Inspired partly by computer networks, applied network theory takes the basic data structure of a network of interconnected nodes and applies it as a model to various naturally occurring phenomenon.  Some particularly good examples revealed in Barabasi's book include social networks, cell-biology and genetics, international financial markets, and everyone's favorite network, the world wide web*.  Interesting properties, of varying degrees of complexity, fall out of simple network structure like "hubs" of proportionally large inter-connectivity, "islands" of relatively segregated sub-networks, and of course weak links such as those found abundantly in social networks.

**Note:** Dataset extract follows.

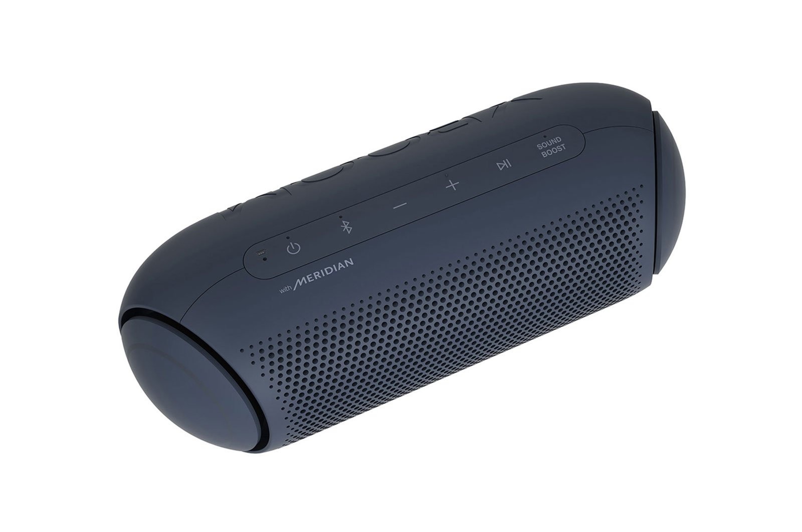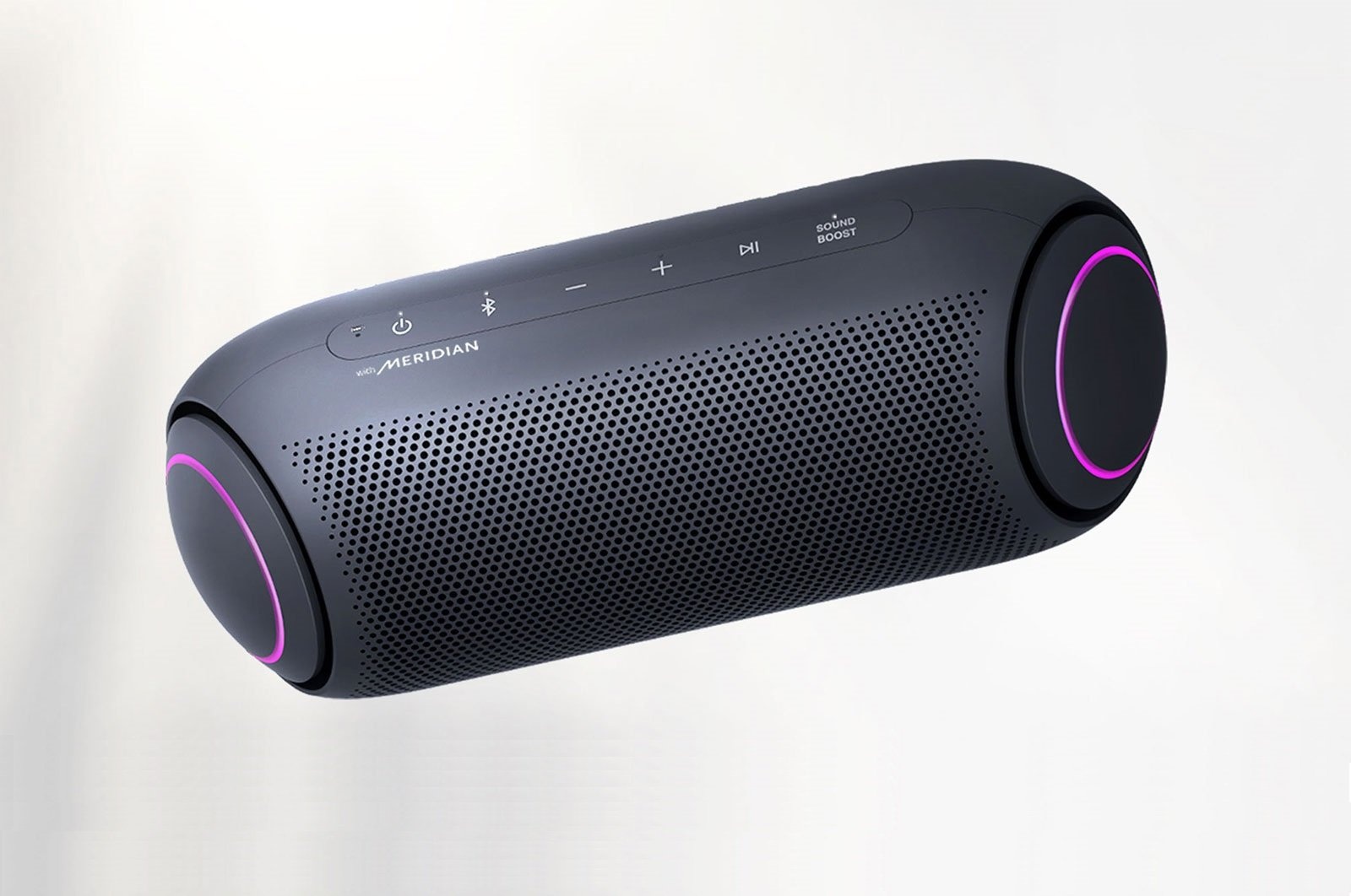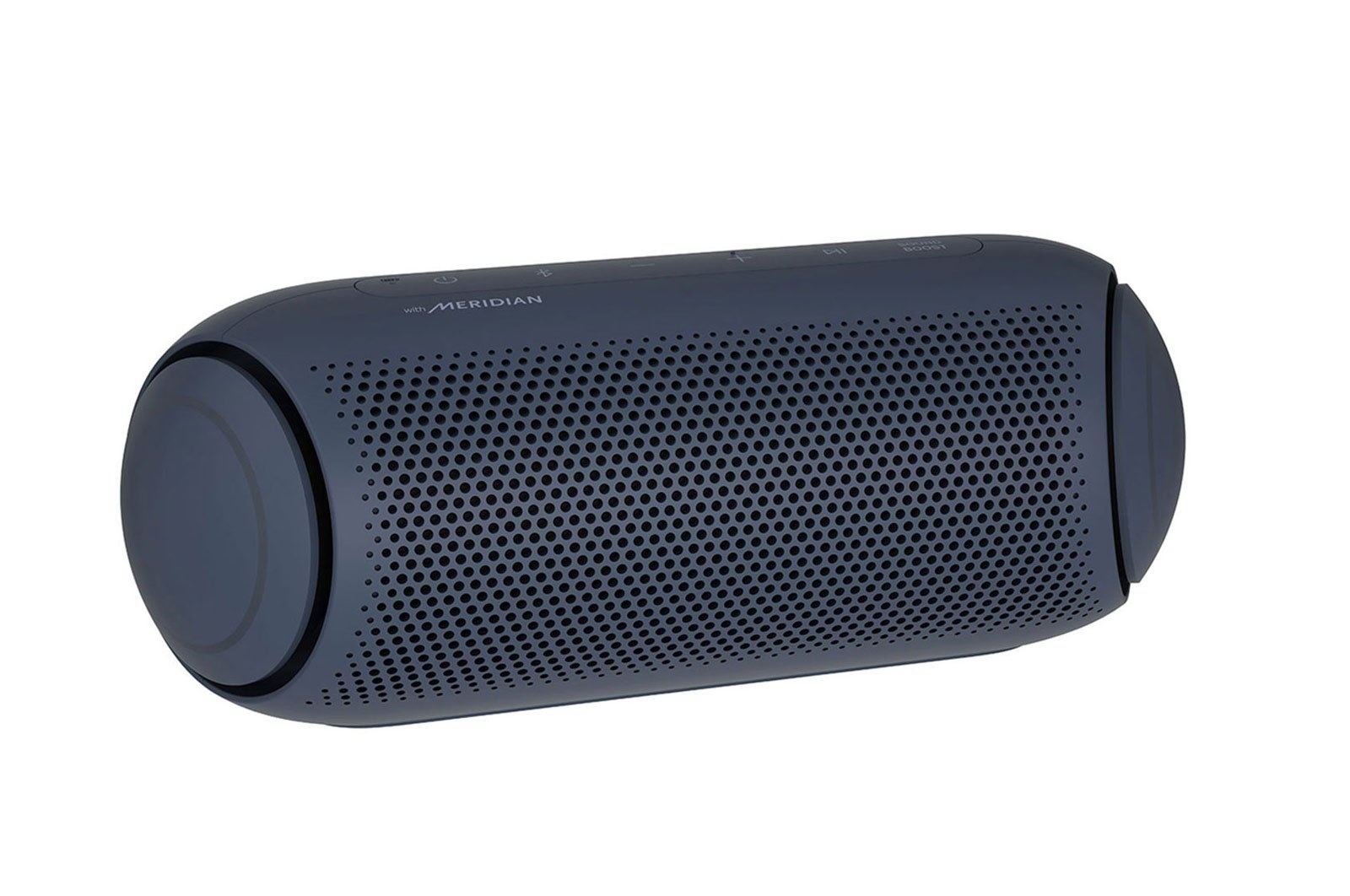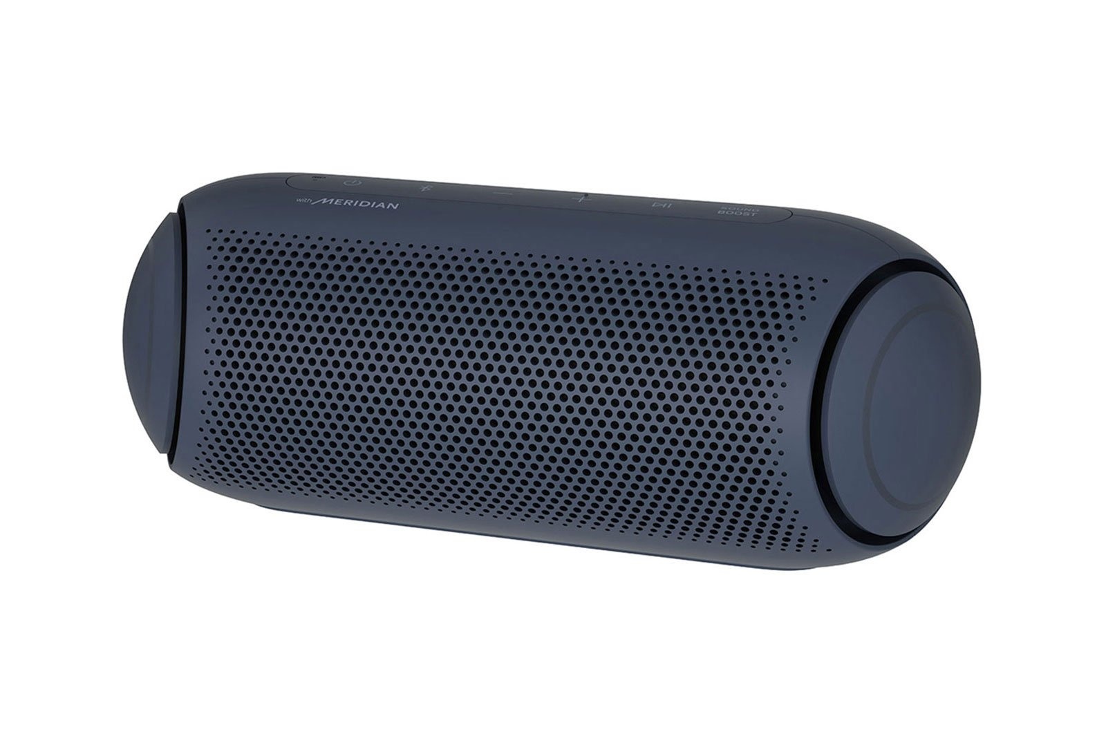 LG XBOOM Go PL2A new look for balanced soundLG XBOOM Go PL2A sleek, portable, powerful speakerTake the party with you. Enjoy up to 10 hours of playback, IPX5 water resistance* and high-quality AAC audio formats. Meridian technology combines ith a passive radiator for rich sound even at the highest volume. Connecting is always easy with both Bluetooth and voice command capabilities. New XBOOM GoExceptional audio on the goAmp up the party with room-filling sound. Widen the sound field with Sound Boost EQ mode. LG teamed up with Meridian— the leader in high-resolution audio— for powerful bass and clear vocals with less distortion even at the highest volume.

The connection to Tim Ingold's call for a organism-centric biology is not hard to see.  Network theory offers a simple and scalable model for organism-culture interaction.  A directed graph (one in which nodes' connectivity distribution is said to follow a power-law) could explain mimetic / culturgen heritability and expansion.  Networks have been used to show how companies rise to monopolies, how youtube videos go viral, and why child-naming patterns exhibit momentum.  Networks offer what could prove to be an elegant reconciliation of implicate organismal traits and their relationship to culture.

*One emergent feature of directed networks are sub-structures referred to as "tubes" which are segments in which elongated, one-directional flow occurs.  Thus, U.S. Alaskan Senator from, Ted Stevens, wasn't completely full of crap when he so elequently characterised the internet as a series of tubes.